To help you visualize the effects of compound interest on your potential IRA returns over time, we used a hypothetical annualized rate of return of 8% for your invested IRA balance.

Keep in mind, your actual returns will vary and may be less than what’s shown in the following examples of potential growth of your IRA over the next 35-45 years. It’s important to remember that your returns are not guaranteed and these illustrations are hypothetical. Review Disclosures for more details about your risks.

Examples

Example 1: Growth of 1% IRA match

IRA Match Growth potential image

Example calculation:

Initial investment ($0) + 1% Monthly IRA match amount ($5.41) * Length of time (45 years) * Interest rate (8%) with an Interest rate variance of 0 and Annual compound frequency = Potential total retirement savings just for the 1% match

Hypothetical and other assumptions:

  • You contribute $6,500 to your IRA each year. In the formula example, you’d divide it by 12 months for the $541 per month or a $5.41 match.
  • You earn a 1% IRA match every year, which would be 1% multiplied by $6,500 equals $65 each year or in the example, $5.41 a month.
  • You invest your full IRA match amount and earn an average of 8% each year over 45 years.
  • This calculation assumes $6,500 is the maximum IRA contribution limit and doesn’t account for potential changes to contribution limits in the future. It also doesn’t account for catch-up contributions where the annual limit is more.
  • For the purposes of illustrating the hypothetical growth of the 1% IRA match, the initial investment is $0 in the example. In actuality, you must contribute to earn a 1% match.

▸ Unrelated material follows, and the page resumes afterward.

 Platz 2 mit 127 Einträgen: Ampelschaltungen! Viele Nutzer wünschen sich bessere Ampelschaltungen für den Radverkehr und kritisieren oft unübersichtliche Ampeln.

Example 2: Growth of 3% IRA match

Put your match to work example 2

Example calculation:

Initial investment ($0) + 3% Monthly IRA match amount ($16.25) * Length of time (40 years) * Interest rate (8%) with an Interest rate variance of 0 and Annual compound frequency = Potential total retirement savings just for the 3% match

Hypothetical and other assumptions:

  • You contribute $6,500 to your IRA each year. In the formula example, you’d divide it by 12 months for the $541 per month or a $16.25 match.
  • You earn a 3% IRA match every year, which would be 3% multiplied by $6,500 equals $195 each year or in the example, $16.25 a month.
  • You invest your full IRA match amount and earn an average of 8% each year for over 40 years.
  • This calculation assumes $6,500 is the maximum IRA contribution limit and doesn’t account for potential changes to contribution limits in the future. It also doesn’t account for catch-up contributions where the annual limit is more.
  • For the purposes of illustrating the hypothetical growth of the 3% IRA match, the initial investment is $0 in the example. In actuality, you must contribute to earn a 3% match.

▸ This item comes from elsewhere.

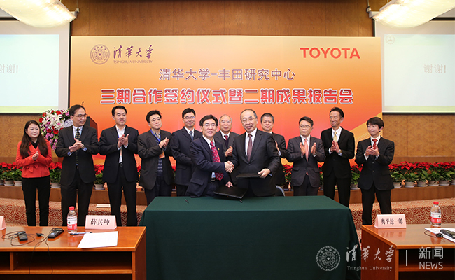 清华大学和丰田汽车公司于2006年3月23日举行了研究中心的成立仪式,并于2011年3月签署了双方第二期五年的框架协议。中心始终致力于双方在环境科学、能源、材料科学以及车辆安全技术领域方面的共同研究,旨在为实现“全球经济、社会的可持续发展”以及“建设和谐富裕社会”做出贡献。在前两期的合作研究中,中心在科学研究和人才培养方面均取得了丰硕的成果:申请了多项专利,发表论文100余篇,多项研究成果已投入实际应用;在人才培养方面,多名本科生、研究生通过实际参与项目,学习到宝贵的项目经验,并顺利获得学位或继续深造的机会。三期合作协议的签署必将进一步加强清华大学与丰田汽车公司的友好合作关系,为中国可持续发展做出更大贡献。

Example 3: Growth of $6,500 per year

IRA growth model

Example calculation:

Initial investment ($0) + Monthly contribution ($517.08) * Length of time (35 years) * Interest rate (8%) (with an Interest rate variance of 0 and Annual compound frequency) = Potential total account balance

Hypothetical and other assumptions:

  • You contribute $6,205 to your IRA each year. In the formula example, you’d divide it by 12 months for the $517.08 per month.
  • You invest your full IRA balance and earn an average of 8% each year over 35 years
  • This calculation assumes $6,500 is the maximum IRA contribution limit and doesn’t account for potential changes to contribution limits in the future. It also doesn’t account for catch-up contributions where the annual limit is more.

Disclosures

The hypothetical illustrations of mathematical principles that are described in this article and in the app do not predict or project the performance of any investment or strategy, nor do they represent any guarantee of returns. Individual investor results will vary.

The impact of the Early IRA Match Removal Fee (when applicable) and any investment fees have not been included in the examples, nor has the impact of inflation, withdrawals, or any potential dividends been taken into account.

Ordinary income and, in some cases, penalty taxes may apply to distributions from retirement accounts, effectively reducing gross returns.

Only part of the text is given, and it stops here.